Activity> Reproduce the data in full, exactly as given, leaving images out.

Available data>
━━━━━━━━━━━━━━━━

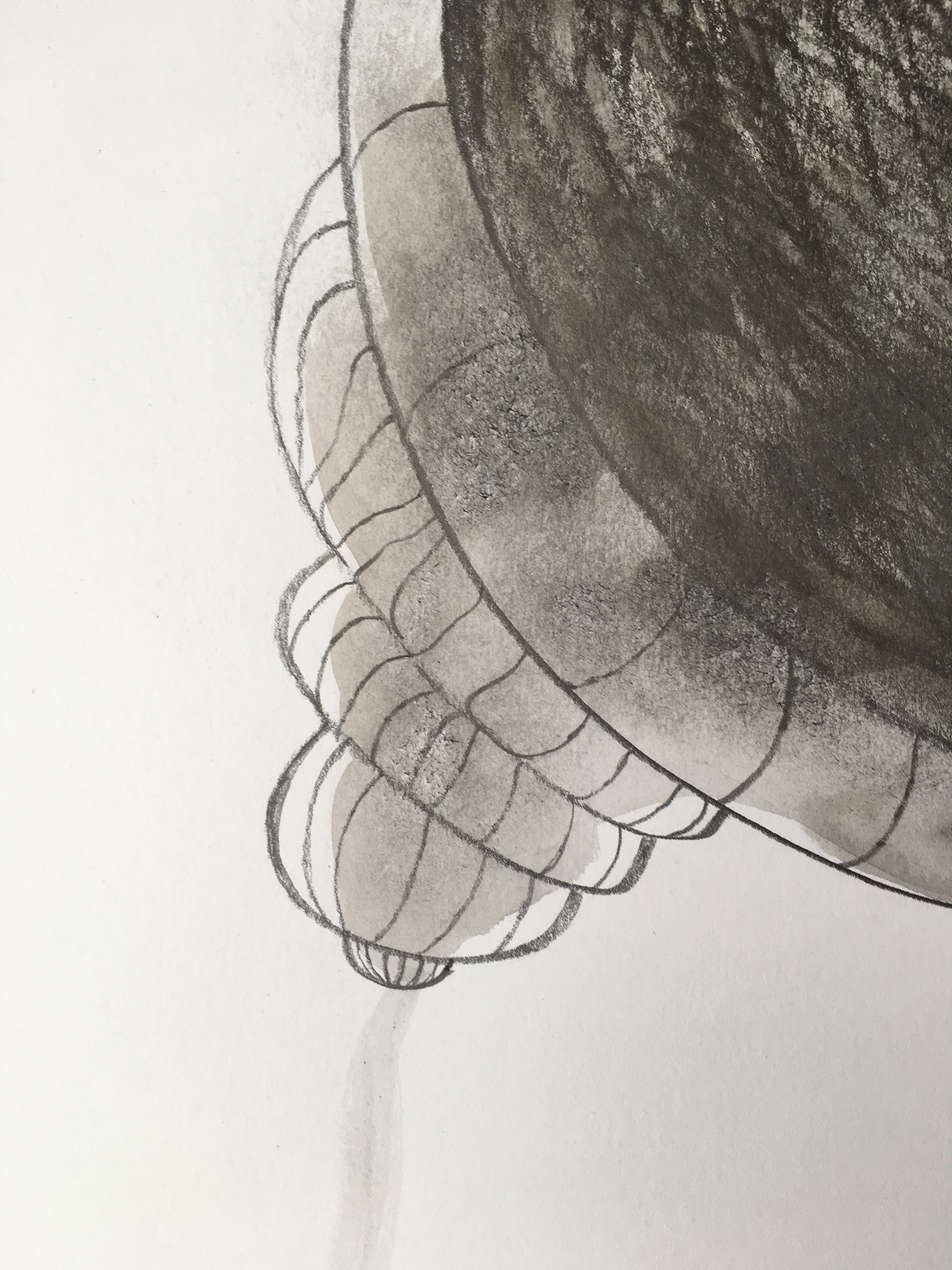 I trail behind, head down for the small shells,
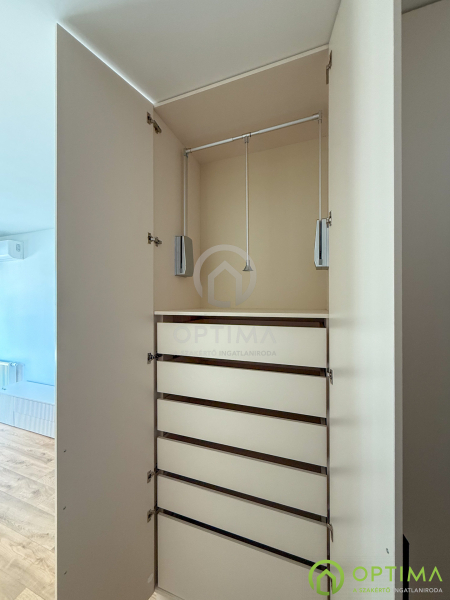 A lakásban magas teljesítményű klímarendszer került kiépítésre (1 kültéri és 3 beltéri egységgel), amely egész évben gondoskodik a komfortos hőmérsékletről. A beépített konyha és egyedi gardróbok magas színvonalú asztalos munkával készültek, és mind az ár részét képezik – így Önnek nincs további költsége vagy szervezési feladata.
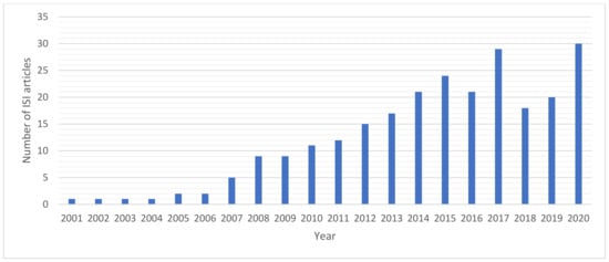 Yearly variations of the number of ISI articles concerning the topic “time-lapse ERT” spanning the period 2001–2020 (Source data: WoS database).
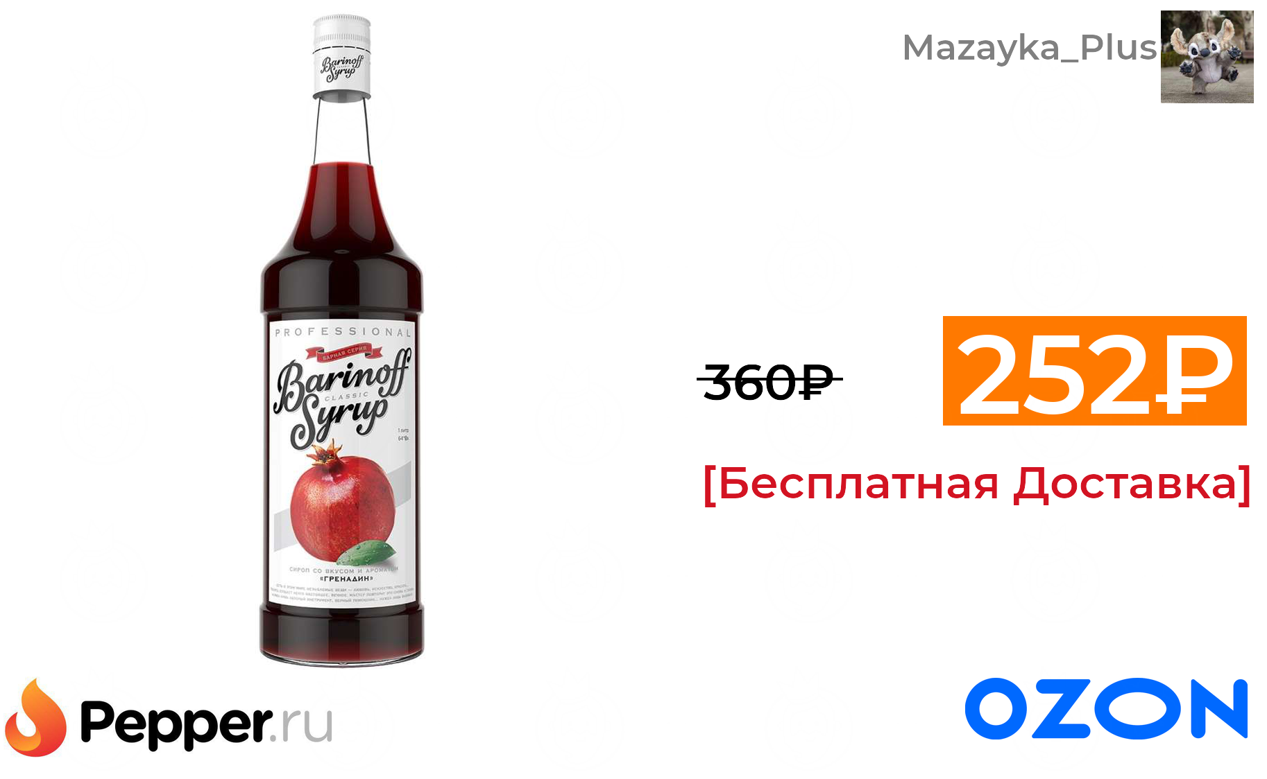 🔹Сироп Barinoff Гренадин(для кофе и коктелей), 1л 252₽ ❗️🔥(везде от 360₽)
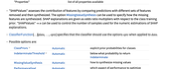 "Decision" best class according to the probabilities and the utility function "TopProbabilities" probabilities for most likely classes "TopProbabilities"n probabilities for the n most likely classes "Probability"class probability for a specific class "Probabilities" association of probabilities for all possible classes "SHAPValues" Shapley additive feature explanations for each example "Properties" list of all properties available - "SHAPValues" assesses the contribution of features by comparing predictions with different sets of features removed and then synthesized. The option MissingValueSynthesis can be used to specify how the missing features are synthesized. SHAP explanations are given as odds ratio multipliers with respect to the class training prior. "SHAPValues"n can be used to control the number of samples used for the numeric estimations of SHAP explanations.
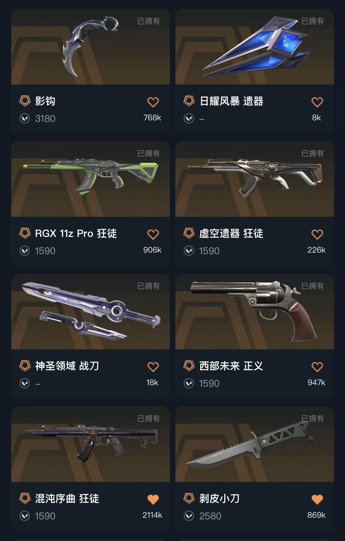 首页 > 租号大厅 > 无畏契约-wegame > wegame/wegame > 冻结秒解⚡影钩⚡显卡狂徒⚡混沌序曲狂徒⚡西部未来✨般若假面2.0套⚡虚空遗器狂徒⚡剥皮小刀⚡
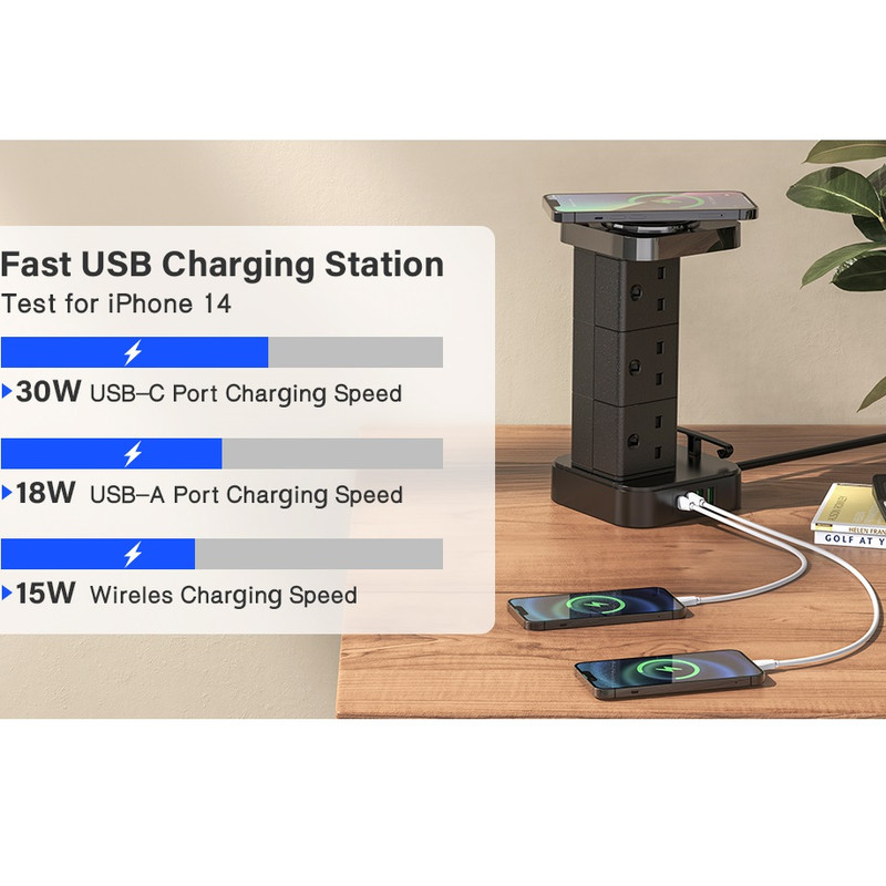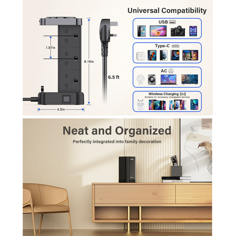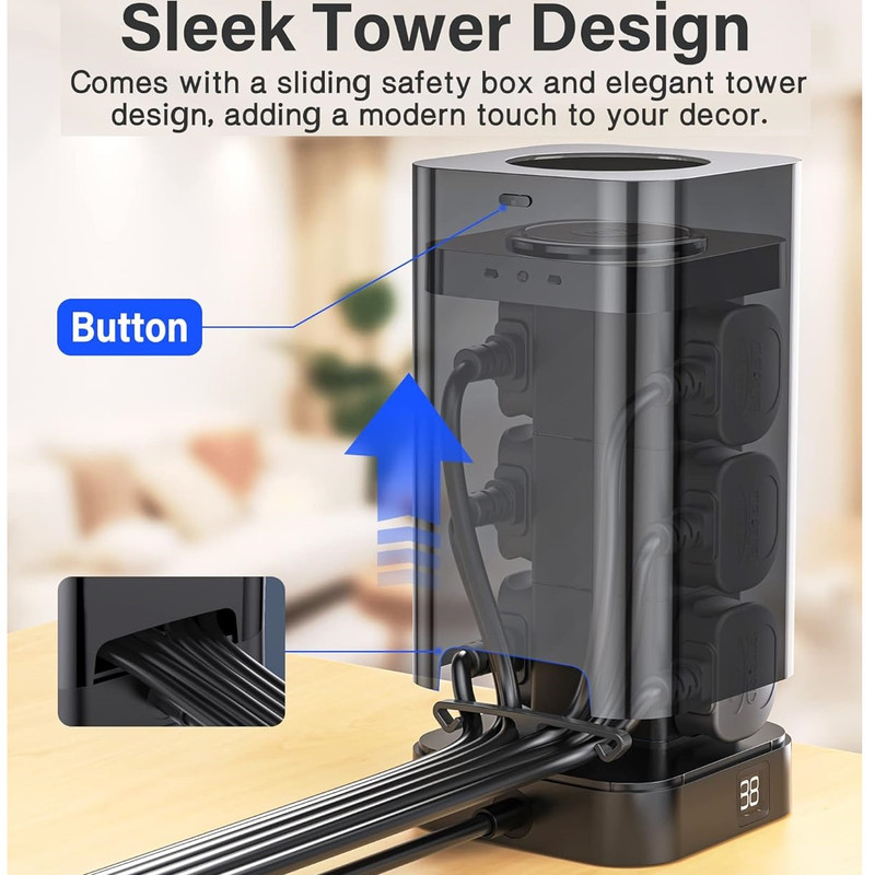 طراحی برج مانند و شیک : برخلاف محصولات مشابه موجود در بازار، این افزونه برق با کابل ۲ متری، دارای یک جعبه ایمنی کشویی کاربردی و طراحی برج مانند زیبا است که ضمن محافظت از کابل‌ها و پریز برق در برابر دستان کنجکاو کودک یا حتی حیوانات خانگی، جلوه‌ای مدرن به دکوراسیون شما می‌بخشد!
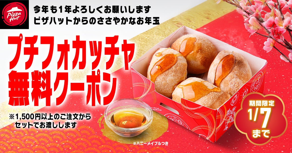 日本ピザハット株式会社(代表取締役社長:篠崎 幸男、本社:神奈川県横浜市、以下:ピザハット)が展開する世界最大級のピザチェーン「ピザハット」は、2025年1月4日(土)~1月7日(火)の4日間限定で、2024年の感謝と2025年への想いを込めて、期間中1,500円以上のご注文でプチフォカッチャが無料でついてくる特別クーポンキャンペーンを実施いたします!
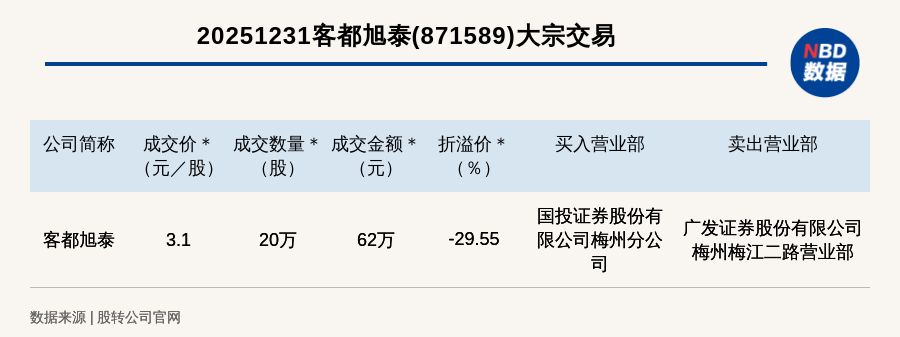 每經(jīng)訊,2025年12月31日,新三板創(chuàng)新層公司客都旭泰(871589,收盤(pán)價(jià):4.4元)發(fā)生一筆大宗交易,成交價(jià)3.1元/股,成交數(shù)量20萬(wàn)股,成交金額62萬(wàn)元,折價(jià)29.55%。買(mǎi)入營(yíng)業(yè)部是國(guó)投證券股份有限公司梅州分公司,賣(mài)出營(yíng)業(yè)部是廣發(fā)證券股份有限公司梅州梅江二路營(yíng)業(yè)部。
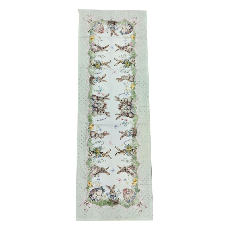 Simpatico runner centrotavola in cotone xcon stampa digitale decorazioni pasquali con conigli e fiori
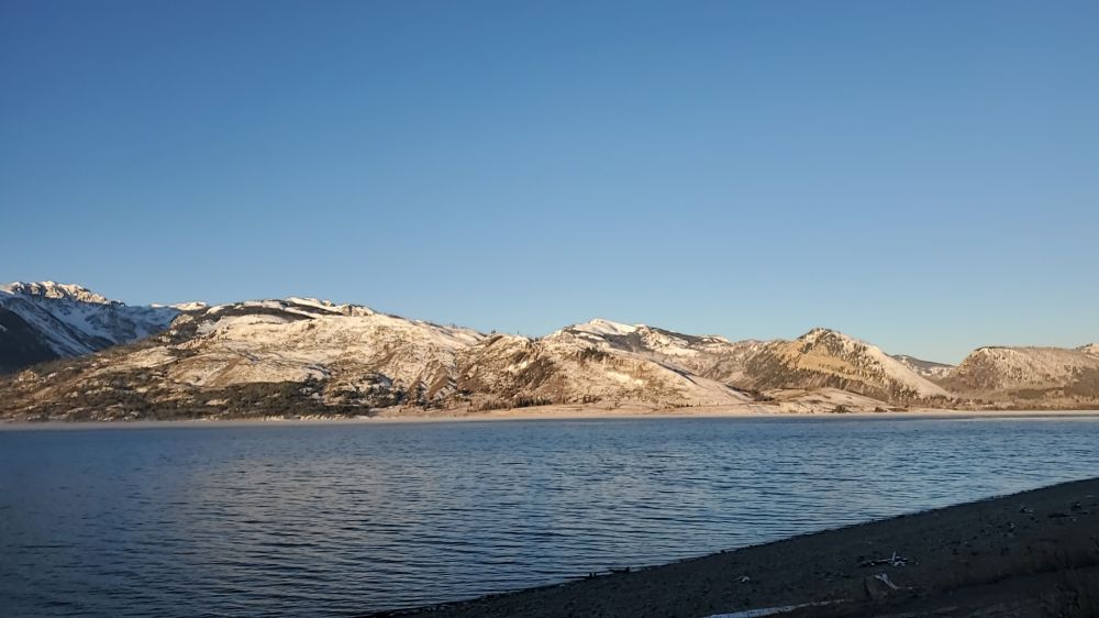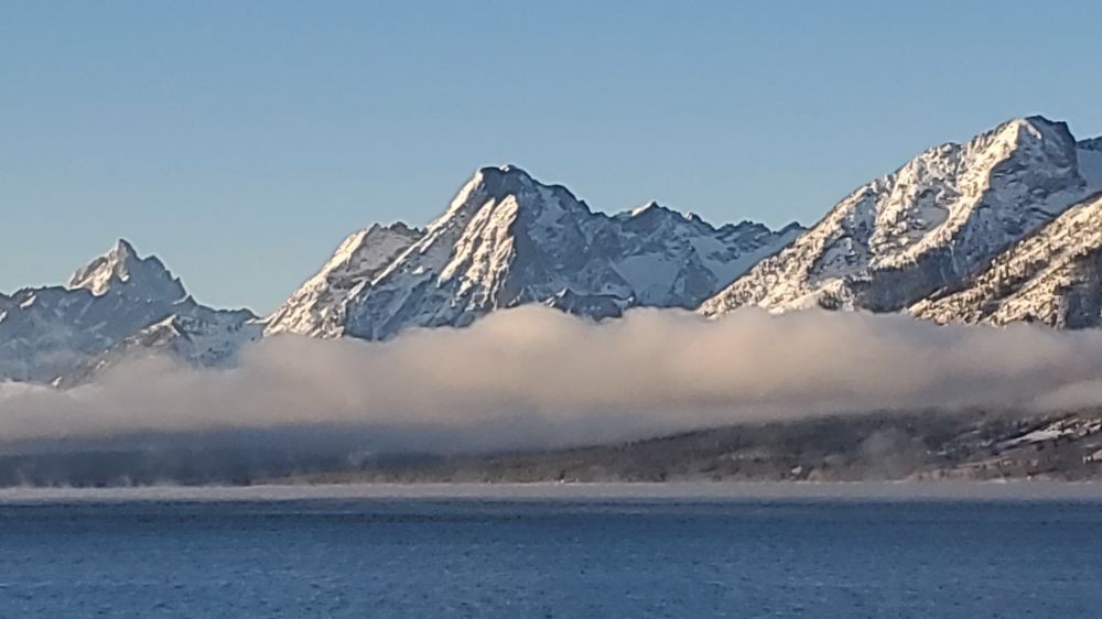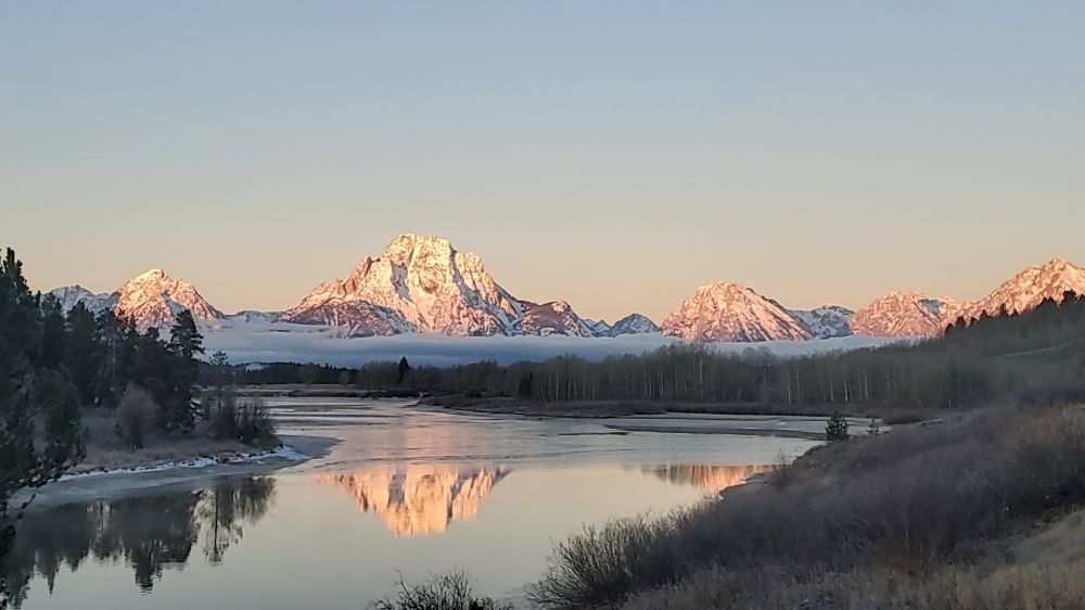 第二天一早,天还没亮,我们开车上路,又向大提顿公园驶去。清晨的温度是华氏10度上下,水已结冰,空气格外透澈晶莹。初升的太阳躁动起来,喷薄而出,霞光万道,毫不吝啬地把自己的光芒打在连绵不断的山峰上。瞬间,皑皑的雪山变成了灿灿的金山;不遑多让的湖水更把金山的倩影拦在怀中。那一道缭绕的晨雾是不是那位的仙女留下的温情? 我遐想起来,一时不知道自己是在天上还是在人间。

━━━━━━━━━━━━━━━━

Output for this exercise>
 I trail behind, head down for the small shells,
 A lakásban magas teljesítményű klímarendszer került kiépítésre (1 kültéri és 3 beltéri egységgel), amely egész évben gondoskodik a komfortos hőmérsékletről. A beépített konyha és egyedi gardróbok magas színvonalú asztalos munkával készültek, és mind az ár részét képezik – így Önnek nincs további költsége vagy szervezési feladata.
 Yearly variations of the number of ISI articles concerning the topic “time-lapse ERT” spanning the period 2001–2020 (Source data: WoS database).
 🔹Сироп Barinoff Гренадин(для кофе и коктелей), 1л 252₽ ❗️🔥(везде от 360₽)
 "Decision" best class according to the probabilities and the utility function "TopProbabilities" probabilities for most likely classes "TopProbabilities"n probabilities for the n most likely classes "Probability"class probability for a specific class "Probabilities" association of probabilities for all possible classes "SHAPValues" Shapley additive feature explanations for each example "Properties" list of all properties available - "SHAPValues" assesses the contribution of features by comparing predictions with different sets of features removed and then synthesized. The option MissingValueSynthesis can be used to specify how the missing features are synthesized. SHAP explanations are given as odds ratio multipliers with respect to the class training prior. "SHAPValues"n can be used to control the number of samples used for the numeric estimations of SHAP explanations.
 首页 > 租号大厅 > 无畏契约-wegame > wegame/wegame > 冻结秒解⚡影钩⚡显卡狂徒⚡混沌序曲狂徒⚡西部未来✨般若假面2.0套⚡虚空遗器狂徒⚡剥皮小刀⚡
 طراحی برج مانند و شیک : برخلاف محصولات مشابه موجود در بازار، این افزونه برق با کابل ۲ متری، دارای یک جعبه ایمنی کشویی کاربردی و طراحی برج مانند زیبا است که ضمن محافظت از کابل‌ها و پریز برق در برابر دستان کنجکاو کودک یا حتی حیوانات خانگی، جلوه‌ای مدرن به دکوراسیون شما می‌بخشد!
 日本ピザハット株式会社(代表取締役社長:篠崎 幸男、本社:神奈川県横浜市、以下:ピザハット)が展開する世界最大級のピザチェーン「ピザハット」は、2025年1月4日(土)~1月7日(火)の4日間限定で、2024年の感謝と2025年への想いを込めて、期間中1,500円以上のご注文でプチフォカッチャが無料でついてくる特別クーポンキャンペーンを実施いたします!
 每經(jīng)訊,2025年12月31日,新三板創(chuàng)新層公司客都旭泰(871589,收盤(pán)價(jià):4.4元)發(fā)生一筆大宗交易,成交價(jià)3.1元/股,成交數(shù)量20萬(wàn)股,成交金額62萬(wàn)元,折價(jià)29.55%。買(mǎi)入營(yíng)業(yè)部是國(guó)投證券股份有限公司梅州分公司,賣(mài)出營(yíng)業(yè)部是廣發(fā)證券股份有限公司梅州梅江二路營(yíng)業(yè)部。
 Simpatico runner centrotavola in cotone xcon stampa digitale decorazioni pasquali con conigli e fiori
 第二天一早,天还没亮,我们开车上路,又向大提顿公园驶去。清晨的温度是华氏10度上下,水已结冰,空气格外透澈晶莹。初升的太阳躁动起来,喷薄而出,霞光万道,毫不吝啬地把自己的光芒打在连绵不断的山峰上。瞬间,皑皑的雪山变成了灿灿的金山;不遑多让的湖水更把金山的倩影拦在怀中。那一道缭绕的晨雾是不是那位的仙女留下的温情? 我遐想起来,一时不知道自己是在天上还是在人间。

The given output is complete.